The difficulty of implementing reform

There are several reasons why, despite the frequent calls for liberalizing European labor markets, reform may be politically difficult to implement. First, there may be more losers than winners. Second, a large minority of winners may be easily identified, with the rest of the gains being much more diffuse in the remaining majority.

The employed are politically more powerful than the unemployed

Unemployment is usually thought of as a burning political issue. Yet when we look at the long run, we see that in most European countries, unemployment has steadily risen without causing major social or political disruptions. The reason is that even if unemployment is a painful experience for a large number of people, these people are a poorly organized minority and therefore are unlikely to influence political outcomes. The majority of the people are actually employed, so that they will be in favor of policies to fight unemployment only if their exposure to unemployment is large enough and/or if these policies are designed so as to favor their interests. Evidence from election results suggests that a sharp increase in unemployment is much more likely to lead to an adverse outcome for the incumbent government than a high, but stable level of unemployment. This is consistent with the view that unemployment is an issue not when it is simply high, but when large job destruction makes the employed more exposed to it. Similarly, the more the employed are sheltered, the more they would favor policies that protect their jobs and increase their bargaining power even if those policies introduce distortions that lead to higher unemployment.

So any attempt to reduce unemployment must face the reality that policy is actually determined by the interests of the employed, not the unemployed. In particular, many rigidities that are thought - although this is open to debate - to be responsible for European unemployment, such as minimum wages, unemployment benefits, firing costs and union wage setting, actually benefit (some of )the employed and are therefore difficult to remove.(3)

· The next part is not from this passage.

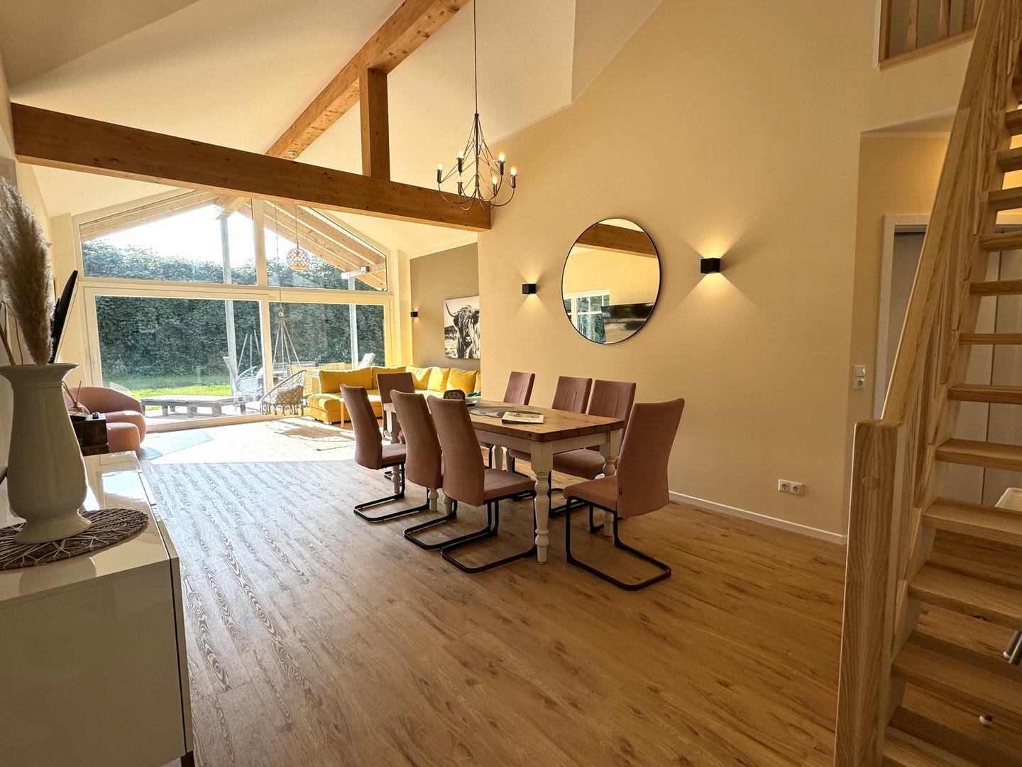 Das 5-Sterne Wellnesshaus Löwenzahn bietet luxuriöse Erholung mit Sauna, Whirlpool und Kamin in idyllischer ländlicher Umgebung.

This logic explains why policies that are generally advocated as reducing unemployment are not implemented in practice. For example, social security contributions are often blamed as increasing the cost of labor and creating unemployment. But if firing costs prevent the employed from being fired, an increase in social security contributions will have little impact on them because they will not bear the burden of the induced reduction in labor demand. Those who lose are the unemployed and new entrants into the labor market, as firms reduce new hires due to the expected increase in labor costs. So raising payroll taxes is a politically efficient way of generating revenue.

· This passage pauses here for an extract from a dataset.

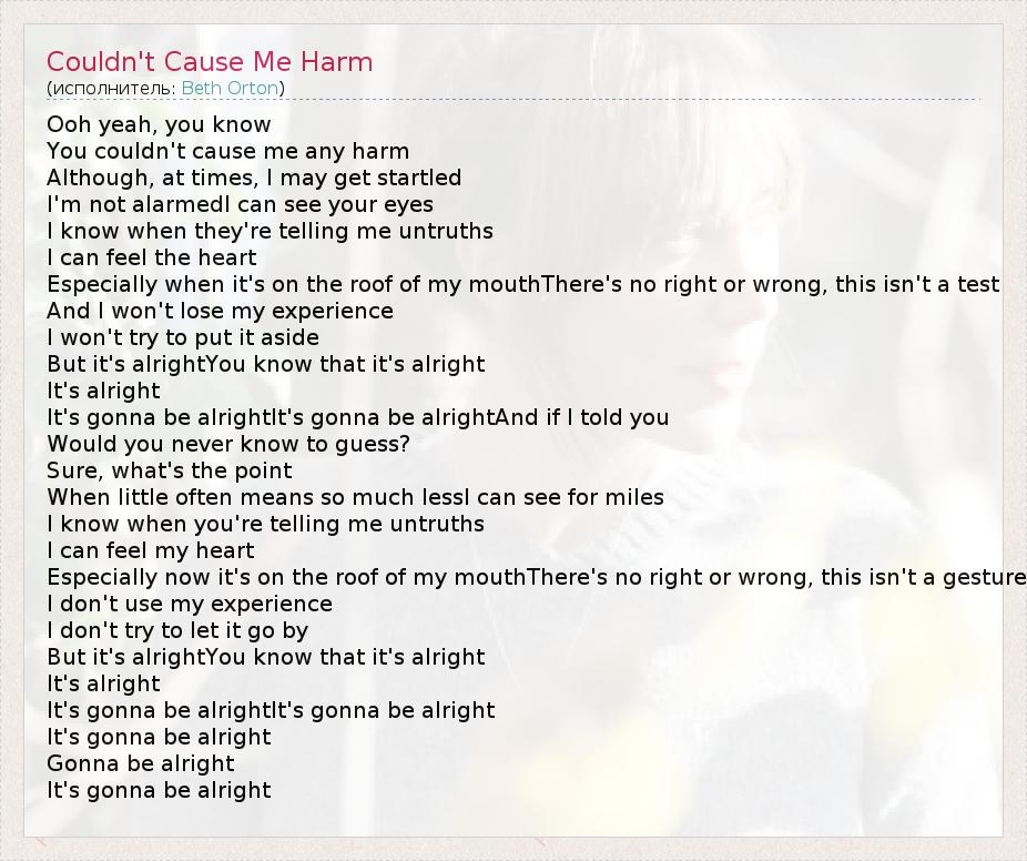 А как ты думаешь, о чем песня "Couldn't Cause Me Harm" ?

Similarly, the proposal of reducing payroll taxes for the least skilled workers may run into the problem that it is a redistribution of income from a majority to a minority. The same issue arises with the idea of shifting from welfare to workfare, for example by using the unemployment insurance budget to fund millions of relief jobs for the long-term unemployed. The majority of the employed, for whom unemployment benefits is an insurance device, not a redistribution device, would lose from it because they are not prepared to take these jobs and their contributions would pay for them instead of their own income maintenance during unemployment spells.

Uncertainty about outcomes

Another reason why labor market reform may be blocked is that the gains from the reform may be unevenly distributed. First, they can be concentrated in the hands of a minority - for example skilled workers; in that case, however, there is scope for building consensus by redistributing income away from the minority of winners to the majority of losers. We return to that possibility below. Second, it may be the case that while the majority is expected to gain, people do not know whether they will actually be part of that majority (This argument is due to Fernandez and Rodrik, 1992).

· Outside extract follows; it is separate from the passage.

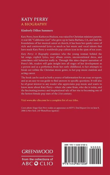 This biography reveals the life story, musical style, personality, lyrics, and fashion of Katy Perry-the elements that have catapulted her to stardom and made her a 21st-century pop music icon. Katy Perry: A Biography examines who the young woman behind the hit songs, explicit lyrics, racy album covers, unconventional dress, and sometimes odd behavior really is. Through this nine-chapter narration of Perry's life, readers will gain insight into all stages of her development as a person and as a performer, from her early childhood, to her attempts to break out within the Christian music genre, to her pop music stardom and acting career. The book can be used as both a source of information for an essay or report, and as an easy-to-use guide to find answers to specific questions. It will also be of great interest to any reader who appreciates pop music and wants to know more about Katy Perry-where she came from, who she is today, and the fascinating journey and inspirational tale of her rise to becoming one of the hottest female pop stars of the 21st century.

Let us consider the following simple example: assume there are three groups in society, A, B, and C, each equally sized. Consider a reform such that group A loses 5 from the reform, group B gains 4 and group C gains 10. The aggregate gain from the reform is 10+4-5=9, so that efficiency requires that the reform be implemented. If everybody was certain about the group he will belong to after the reform, then those who anticipate to end up in groups B and C would support it, so that it will pass with a majority of two thirds. Consider now the case where people do not know which group they will belong to after the reform. More specifically, assume that members of group C know for sure they will remain in group C after the reform, while members of group A and B expect to end up in the other group with a 50 % probability. Then the expected gain from reform for both groups is (0.5* 4+0.5* (-5))=-0.5$. We see that reform is now repelled because groups A and B now lose from it on average.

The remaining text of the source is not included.